No one I’ve ever heard of on HN fully trusts journalists.
This is why we need to be critical of journalists nowadays. No longer are they the Fourth Column, protecting society and democracy by providing accurate information.
Especially since the alternative is to live in a world without facts.
Which some people would probably love, but I prefer my reality to be constructed from objectivity rather than authority.
The tendency to compare to a nonexistant ideal is also something I find very very weird. This tendency does not exist for many other concepts. For example when people talk about communism, and someone say "hey $COUNTRY is just one bad apple, it doesn't mean real communism is bad" then others are quick to respond with "but all countries doing communism have devolved into tyranny/dictatorship/etc, so real communism doesn't exist and what we've seen is the real deal". I am not criticizing that (common) point of view, but people ought to take responsibility and apply this principle equally to all concepts, including "journalism".
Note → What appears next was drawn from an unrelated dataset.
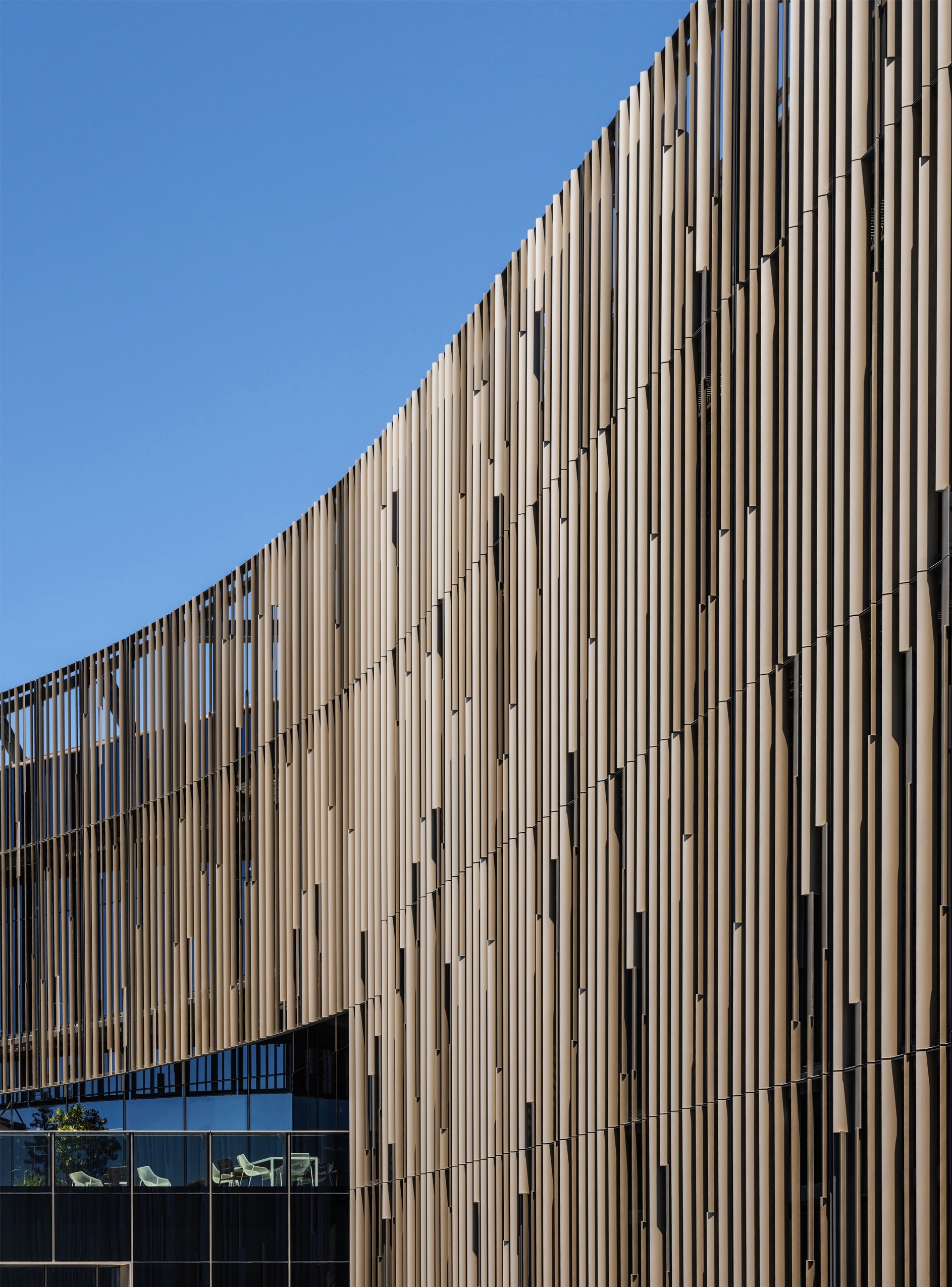 The most notable outcome is an array of fixed aluminum louvers, generated through the synthesis of multiple competing requirements [performative, aesthetic, formal, physical]. This approach re-couples the façade strategically with both the performative & the practical, indexing the needs of the building against its performative requirements while acknowledging its place in both the tradition of architecture & the urban environment.

It also doesn't follow that my critique of journalists/journalism means tearing down journalism altogether. It can also mean:
- that people need to stop trusting mainstream journalists blindly on topics they're not adept in. Right now many people have stopped trusting mainstream journalists only for topics they're adept in, but as soon as those journalists write nonsense about something else (e.g. $ENEMY_STATE) then they swallow that uncritically. No. The response should be "they lied about X, what else are they lying about?" instead of letting themselves be manipulated in other areas.
- that society as a whole needs to hold journalism accountable, and demand that they return to the role of the Fourth Column.
Because certain political interests take the existence of a fact-based, independent power center as a threat to their own power?
And so engineered a multi-decade campaign to indoctrinate people against the news/media, thus removing a roadblock to imposing their own often contrary-to-fact narratives?
Pretending this happened in a vacuum or was grassroots ignores mountains of money deployed with specific intent over spans of time.
> It can also mean that society as a whole needs to hold journalism accountable, and demand that they return to the role of the Fourth Column.
I absolutely agree with this.
If I had my druthers, the US would reinstate the fairness doctrine (abolished in 1987) and specifically the components requiring large media corporations to subsidize non-profit newsrooms as a public good.
The US would be a better place if we banned 24/7 for-profit news.
First, nobody is training on H20s, it's absurd. Then their logic was, because of high inference demand of DeepSeek models there are high demand of H20 chips, and H20s were banned so better not release new model weights now, otherwise people would want H20s harder.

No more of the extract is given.